(HEPATOLOGY 2011;) “
“The aim of this study was to elucidate the risk of subsequent biliary malignancy in patients undergoing cyst excision for congenital choledochal cysts. A retrospective analysis of 94 patients who had undergone cyst excision for congenital choledochal cysts was conducted. The median age at the time
of cyst excision and median follow-up time after cyst excision were 7 years and 181 months, respectively. Biliary tract cancer developed in four patients at 13, 15, 23, and 32 years after cyst excision. The cumulative incidences of biliary tract cancer at 15, 20, and 25 years after cyst excision were 1.6%, 3.9%, and 11.3%, respectively. The sites of biliary tract cancer were the intrahepatic (n = 2), hilar (n = 1), and intrapancreatic (n = 1) Ceritinib bile ducts. Of the four patients with biliary tract cancer after cyst excision, three patients underwent surgical resection and one patient received chemo-radiotherapy. The overall cumulative survival rates after treatment in the four patients with biliary tract cancer were 50% at 2 years and 25% at 3 years, with a median survival time of 15 months. The risk of subsequent biliary malignancy in patients undergoing cyst excision for congenital choledochal cysts seems to be relatively high in the
PD-1 antibody inhibitor long-term.
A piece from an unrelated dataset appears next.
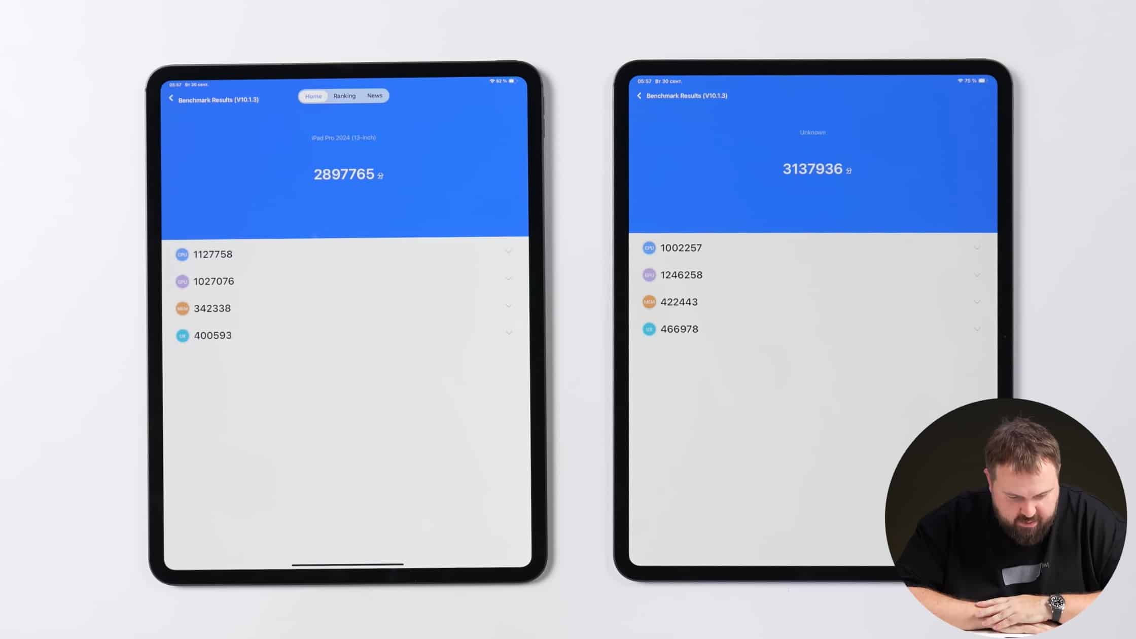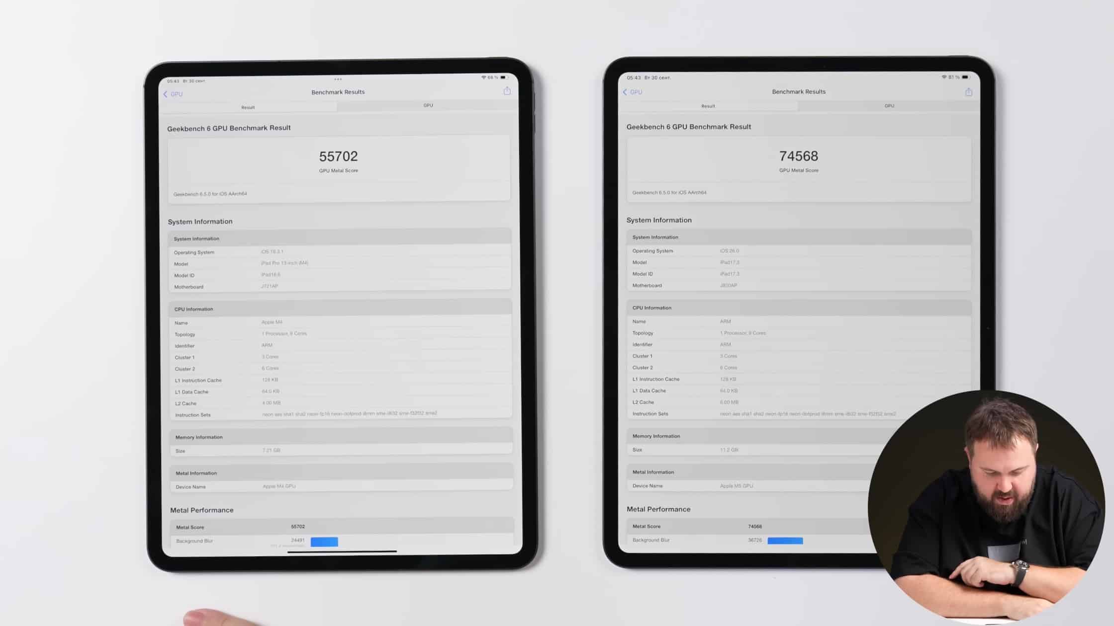 นอกจากให้ชมดีไซน์ภายนอกแล้ว เรายังได้เห็นการทดสอบประสิทธิภาพของแอป Geekbench และ AnTuTu เปรียบเทียบคะแนนกับ iPad Pro M4 ด้วย ซึ่งผลลัพธ์จะออกมาดังนี้ครับ

The risk of biliary malignancy in the remnant bile duct increases more than 15 years after cyst excision. Despite an aggressive treatment approach for this condition, subsequent biliary malignancy following cyst excision for congenital choledochal cysts shows an unfavorable outcome. “
“We aimed to determine whether pretreatment serum interferon-γ-inducible protein (IP)-10 concentration can predict response to telaprevir (TVR)-based triple therapy in patients with genotype 1 chronic hepatitis C (CHC), and to examine the effects of IP-10 concentration on liver histology. Baseline IP-10 concentrations were measured in 97 patients with genotype 1 CHC treated with TVR-based
triple therapy, and the associations between baseline IP-10 and treatment outcome were assessed Glutamate dehydrogenase by univariate and multivariate analyses. Associations between baseline serum IP-10 concentration and laboratory data and liver histological findings were also investigated. Median IP-10 concentration in these patients was 461.83 pg/mL (range, 151.35–4297.62). Multivariate analysis showed that IL28B genotype (P = 0.025) and IP-10 level (P = 0.004) were factors significantly predictive of rapid virological response (RVR), whereas in pretreatment factors only, IL28B genotype (P = 0.001) and liver fibrosis (P = 0.035) were independent predictors of sustained virological response. Using a cut-off IP-10 concentration of 460 pg/mL, patients with IL28B risk allele and low IP-10 had a significantly higher RVR rate than those with high IP-10 (P = 0.005). IP-10 concentration was significantly correlated with liver fibrosis (P = 0.001) and inflammation activity (P = 0.